I am not a promoter of San Francisco as a glorious city.
I am realistic about the city where I've spent most of my life. It has at times been one of the world's great centers of revolution, important change and global vitality. Today it is a shit hole of Lefty Fundamentalists political theology. It is also filthy thanks to its love of Street people.
I was just thinking about how extraordinary San Francisco has been over its history as a source of countless global movements and how little appreciation it has ever gotten. That may be fine. It may be wonderful that New York gets credit for everything. The ambitious go to New York, the creatives come to San Francisco.
That simply makes it easier for the next wave of global revolution to occur in San Francisco.
Let's begin with San Francisco in the gold rush. San Francisco did not have the hierarchical social structure found everywhere else on the planet at that time.
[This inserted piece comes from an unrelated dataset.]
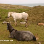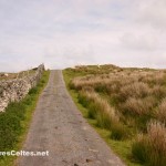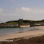Une île aussi peu peuplée ne peut être qu’un véritable paradis pour les randonneurs, et c’est effectivement le cas ! Très peu de véhicules motorisés (les rares étant de véritables épaves ambulantes !) pour le bonheur de tous les marcheurs et cyclistes ! Pour découvrir l’île, je vous invite à une boucle de 4 à 5 heures de marche partant du port et empruntant les rares routes de l’île (les cyclistes peuvent donc emprunter ce parcours). La vieille tour carrée qui domine le port est le château de Grace O’Malley (Granuaile en gaélique), une femme pirate surnommée la « Reine de l’Ouest » qui sévit dans la région au XVIème siècle. Le château a été transformé en station côtière et ne se visite pas. On quitte le port en prenant la direction « All routes » et on longe la côte sud de l’île, la plus urbanisée, avec des maisons dont les occupants jouissent d’une vue superbe sur la mer. Si vous avez de la chance (comme moi), vous croiserez peut-être quelques faisans sur la route ! Au bout de quelques kilomètres on arrive dans le hameau de Kill, où se trouve l’unique boutique de l’île. Au-dessus de la boutique, les ruines d’une vieille abbaye cistercienne du XIIème siècle côtoient l’église de l’île, toute de jaune vêtue. Le plafond de l’abbaye abrite des peintures médiévales ; quatre autres églises abritent de telles peintures en Irlande, mais celles de Clare Island sont les mieux préservées. Prendre la route qui monte vers le centre de l’île. Au sommet de la côte, on atteint alors une large vallée coincée entre les deux sommets de l’île, le Knockmore et le Knocknaveen. Paysages très sauvages, des pâturages descendent des montagnes, un garde-manger géant pour les nombreux moutons ! Puis la route redescend jusqu’à un carrefour. Prendre à gauche, en direction du phare (« Lighthouse »). Sur la route qui monte vers le phare, vous croiserez des chevaux, des ânes et bien sûr des moutons ! Au bout de 1 km, on atteint le phare de Clare Island, dans un cadre extraordinaire, au sommet de falaises vertigineuses. Le phare n’est plus en service depuis 1965, après 159 ans de services. Il servait encore récemment de B&B haut de gamme (une expérience unique !) mais il a été malheureusement récemment racheté par un particulier. Même si vous êtes irrésistiblement attiré par le bruit des vagues qui s’écrasent au pied des falaises dans un vacarme effrayant, attention à ne pas trop vous rapprocher du bord, le vent est souvent violent, le sol glissant et un accident tragique est vite arrivé … Face au phare, on a une vue superbe sur Achill Island, quelques kilomètres seulement au nord. N’hésitez pas à grimper au sommet des falaises qui dominent le phare : la montée est raide et fait mal aux mollets, mais la vue sur le Knockmore qui descend brutalement vers l’océan est magnifique. Pour rejoindre le port, on rebrousse chemin et on prend à gauche au carrefour. On traverse une large vallée aux paysages bucoliques (murets, arbustes, vaches, moutons, … ) puis on longe la côte ouest. N’oubliez pas de vous retourner régulièrement pour apprécier la vue sur toute la côte ouest de l’île et, au loin, le phare de Clare Island. Arrivée au port face à l’unique plage de l’île, avec un banc pour vous reposer avant de reprendre le ferry vers Roonagh Quay ! D’autres itinéraires de randonnées sont possibles sur l’île. Les compagnies qui assurent les liaisons avec le « continent » distribuent un fascicule proposant divers itinéraires de randonnée sur l’île. Le plus long permet de faire le tour complet de l’île, de grimper en particulier au sommet du Knockmore et de voir les ruines d’une tour napoléonienne du XIXème siècle à la pointe est de l’île.

It became a source of incredible vitality and wealth and consequently architectural and artistic refinement.
It was central to the creation of Jewish communities and Jewish private clubs such as the Bohemian club, all of which have an influence to this day.
San Francisco's gold fury was so shockingly aggressive that it generated many scientists and organizations that shaped and still shape the environmental movement worldwide.
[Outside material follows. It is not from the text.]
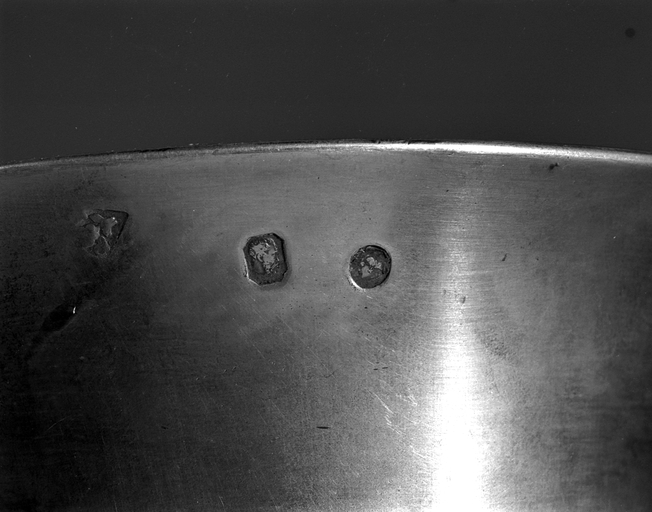 Poinçons sur le pied et le col de la burette, sur la coupe du calice et sur la patène. Poinçon de maître : Q B séparées par une pensée, une fleur de lys au-dessus.

The antismoking movement came from San Francisco.
The entire baby-boom of the 1890s came from San Francisco along with its music, its language, experimental communes, health foods and most importantly the politics that we know of as the Progressive Party.
San Francisco after WWII was the home of the gay movement and every part of it; the lesbian movement and every part of it as well as the subsequent training in human sexuality.
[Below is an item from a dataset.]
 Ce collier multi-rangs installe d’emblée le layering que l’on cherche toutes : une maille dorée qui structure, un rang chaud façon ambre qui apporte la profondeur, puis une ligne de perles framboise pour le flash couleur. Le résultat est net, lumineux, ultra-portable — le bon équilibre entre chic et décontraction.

It was the revolutionary center of the hippies. The center. Everything the hippies contributed from home home-schooling to the health and food revolutions, to the fashion revolutions to music revolutions and a dozen other elements; they came from San Francisco. I can find the same things in arts, music and visual arts. By the way, modern TV came from San Francisco. So did the modern personal computer.
If you have ever been part of an underground event in your city whether it is walking through the sewers or having a paintball fight in an abandoned building or climbing a bridge; you owe that to the people in San Francisco who started it and promulgated. A teeny residual of that is Burning Man.
The list is endless. In includes the 1890 and the 1990 wave of 'cocktails'.
These revolutions came out of two elements that were present in San Francisco in the gold rush.
* The absence of social hierarchy to oppress the innovative people in our society and
* A fairly light touch of government that allows people to be imaginative and creative.
The current political disaster in San Francisco is probably not impeeding the underground creative world. San Francisco has always had idiotic politics.